Cyanobacteria are key primary producers in almost every illuminated environment and often represent a significant proportion of natural microbial communities. Consequently, they serve as sources of organic carbon for many other surrounding microorganisms. While the resulting bacterial interactions are often antagonistic, commensal and mutualistic adaptations are also known. A cyanobacterium of the genus Anabaena has been shown to closely interact with the heterotrophic proteobacterium Hoeflea sp., constituting a conspicuous form of bacterial heterologous multicellularity. Within this multicellular consortium the Hoeflea epibiont adheres in high numbers specifically to the heterocysts of the filamentous cyanobacterial partner. This model system offers unique opportunities for the study of symbiosis as (1) it involves two bacteria with medium-sized genomes, (2) each partner can be grown axenically in the presence of oxygen, (3) combining pure cultures of both restores the consortium phenotype.

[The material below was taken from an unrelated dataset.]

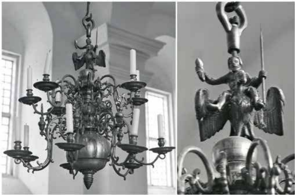
19. Subatės evangelikų liuteronų bažnyčios Latvijoje sietynas. XVII–XVIII a. NKMP Paminklų dokumentacijos centras, neg. Nr. 8054, 1975 m. nuotr.

nei šimtmetį ši skulptūrėlė buvo laikoma vieninteliu populiaraus senovės lietuvių ir baltų mitologijos dievo Perkūno atvaizdu. Anuomet smarkiai romantizuotą visuomenės požiūrį iliustruoja ir tai, kad 1905–1907 m. buvo išleistas atvirukas su skulptūrėlės atvaizdu. 70 Iš tiesų jau XIX a. būta dvejonių dėl šios skulptūrėlės pirminės paskirties, o XX a. 7 deš. Lietuvos istorikai dar rimčiau ėmė svarstyti, kad galbūt tai Žemutinėje Saksonijoje pagamintos žvakidės koja. 71 Daugėjant taikomosios dailės tyrimų Europoje, o muziejams ir bibliotekoms suskaitmeninus ir paskelbus daugelį rinkinių, galima tvirtai teigti, kad ši 12 cm detalė yra sietyno viršuje montuojamas dekoru elementas. Tą patvirtina ir vertikaliai skulptūrėlės einanti ertmė, per kurią ji buvo užmauta ant kamieną formuojančio sietyno strypo. Remiantis išlikusių pavyzdžių ikonografija

We applied genomics, transcriptomics, metabolomics, metallomics, fluorescent and electron microscopic techniques to study the biotic interactions underlying this bacterial heterologous multicellularity. Following each partner in axenic culture, or as consortium, we demonstrated that specific metabolites and metals are sequestered by either species prior to being shared, which in turn enhances their combined growth. Cell signalling pathways were further identified via gene expression data that suggest this consortium to be related (and perhaps a predecessor) to the symbiosis of plants with nodulating rhizobia. Since the Anabaena and Hoeflea can be cultivated independently, and then mixed to form consortia, diversity assays were conducted to check the host and epibiont range by exchanging either partner for alternative species. In this way, we discovered that several members of Nostocales could form consortia, whereas each required the specific species of Hoeflea, providing greater context to the possible symbiosis detected in nature.